Выбрать главу

Сама Смирнова сообщает о еще одном психологически глубоком эпизоде из описания обеда в имении Чагравиных: «Обед управляющего из студентов с высшими подробностями. Стол был покрыт: хрусталь, серебро, фарфор саксонский. Бедный студент запил и тут высказал то, что тайно подрывало его энергию и жизнь. Сцена была так трагически жива, что дух захватывало».[161]

Трактовка во втором томе «Мертвых душ» темы 1812 года, насколько мы в состоянии сейчас судить об этом, поражает своей близостью к тому раскрытию «мысли народной», которое дано в романе-эпопее Льва Толстого.

Как известно, автор «Войны и мира» писал, что не Наполеон и не Александр, не Кутузов и не Талейран будут его героями.

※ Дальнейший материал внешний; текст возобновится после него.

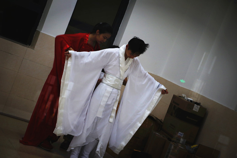 李天然和许杰: 鬼屋里的红衣和白衣就要装扮好啦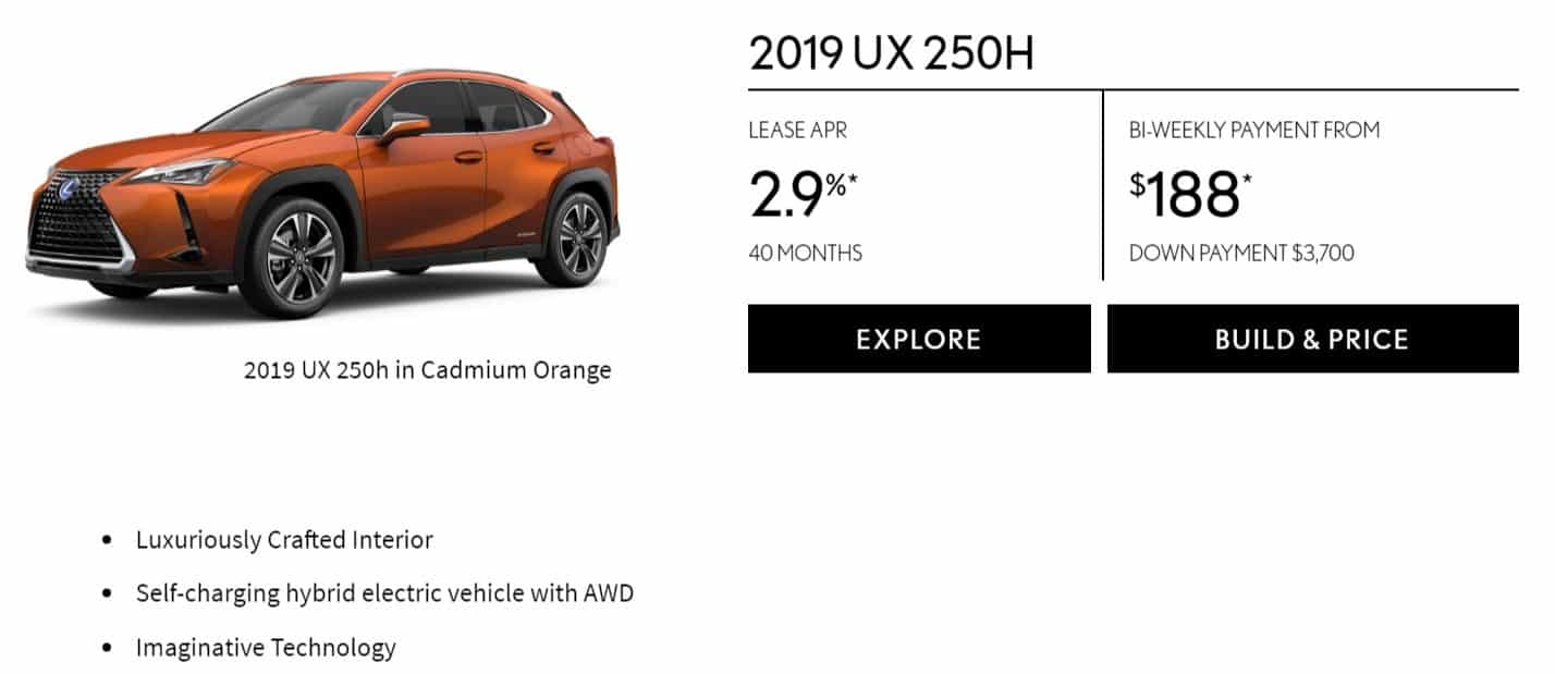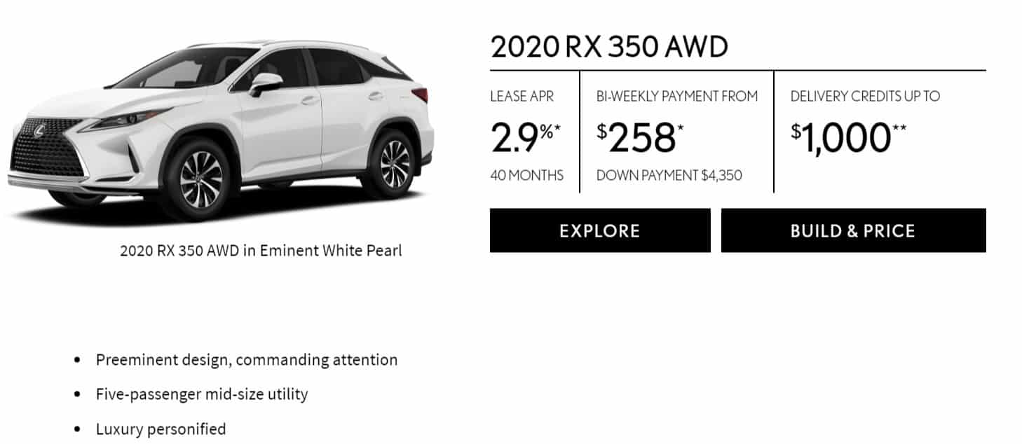 Although I am a fan of the RX 350 lease, this month is not as strong as it should be considering you can get a very similarly priced 2020 Acura RDX for the same price. If you’re a big fan of this model this would be your last chance to get the 2019 before they are all gone. So that being said, expect a good Canada car deal this month before there are none left.
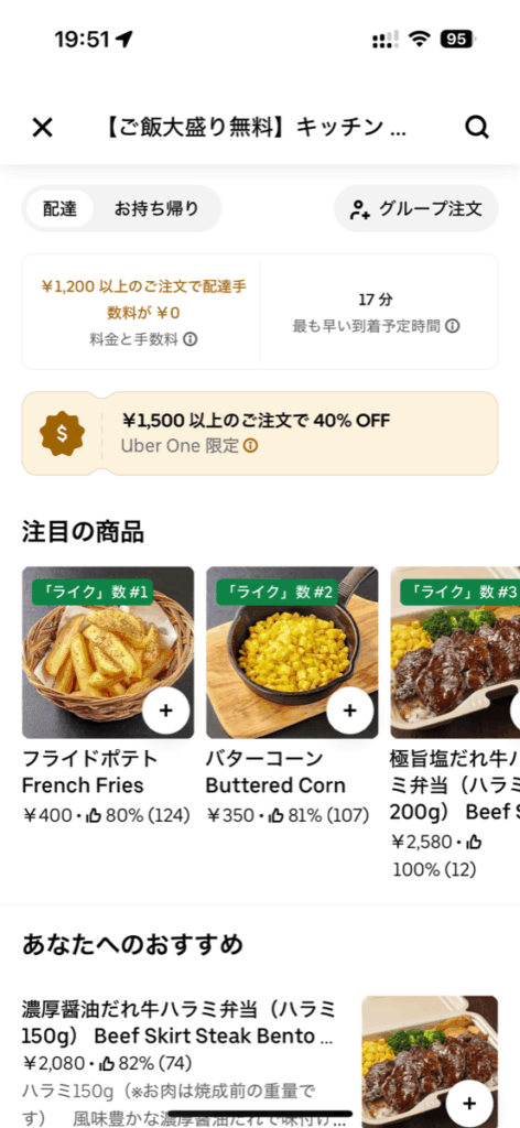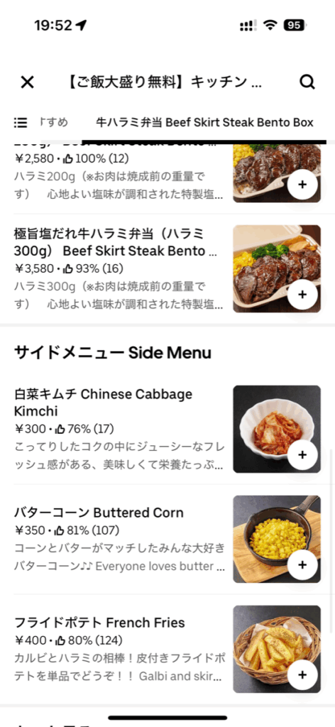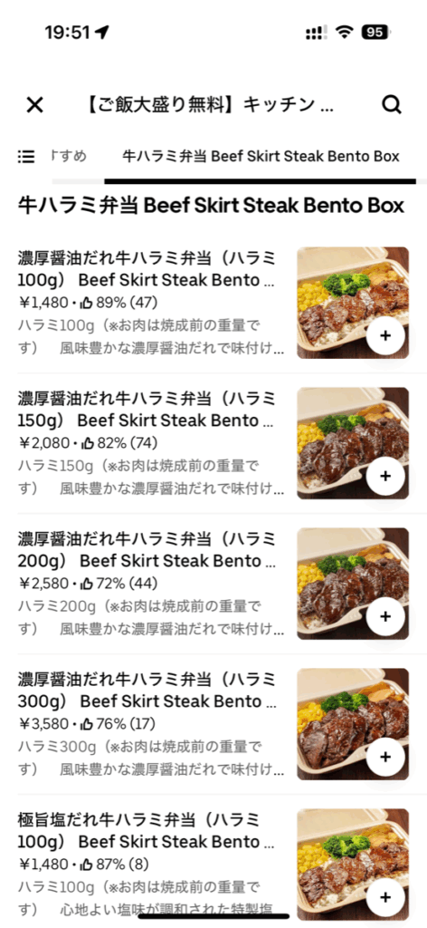 近所の店舗だとハラミ弁当メインでした。カルビ弁当は見当たりません。UberOne特典キャンペーンの1,500円以上で40%オフ対象店舗でした。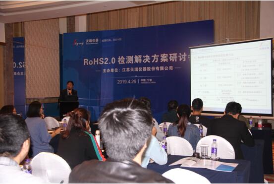 2019年4月26日,天瑞儀器RoHS2.0解決方案研討會巡演首站在浙江寧波香格里拉大酒店舉行。來自電子電器設備制造行業多名企業代表參與此次會議,聽取了天瑞儀器針對RoHS2.0法規的最新進展和應對方案,現場氣氛十分熱烈。

В соответствии со своим пониманием истории Толстой сделал героями романа «людей, не имевших тех недостатков, которые нужны для того, чтобы оставить следы на страницах летописей».[162]

То же внимание к психологии и действиям отдельных лиц, совокупность которых определяет, по мнению Толстого, характер исторического события, находим и у Гоголя, точнее — в воспоминаниях тех его современников, которые были знакомы со вторым томом «Мертвых душ». Воспоминания Л. И. Арнольди обладают особой убедительностью потому, что мемуарист не дожил до появления в печати «Войны и мира» и, следовательно, здесь невозможно допустить какое-либо наслоение одних впечатлений на другие.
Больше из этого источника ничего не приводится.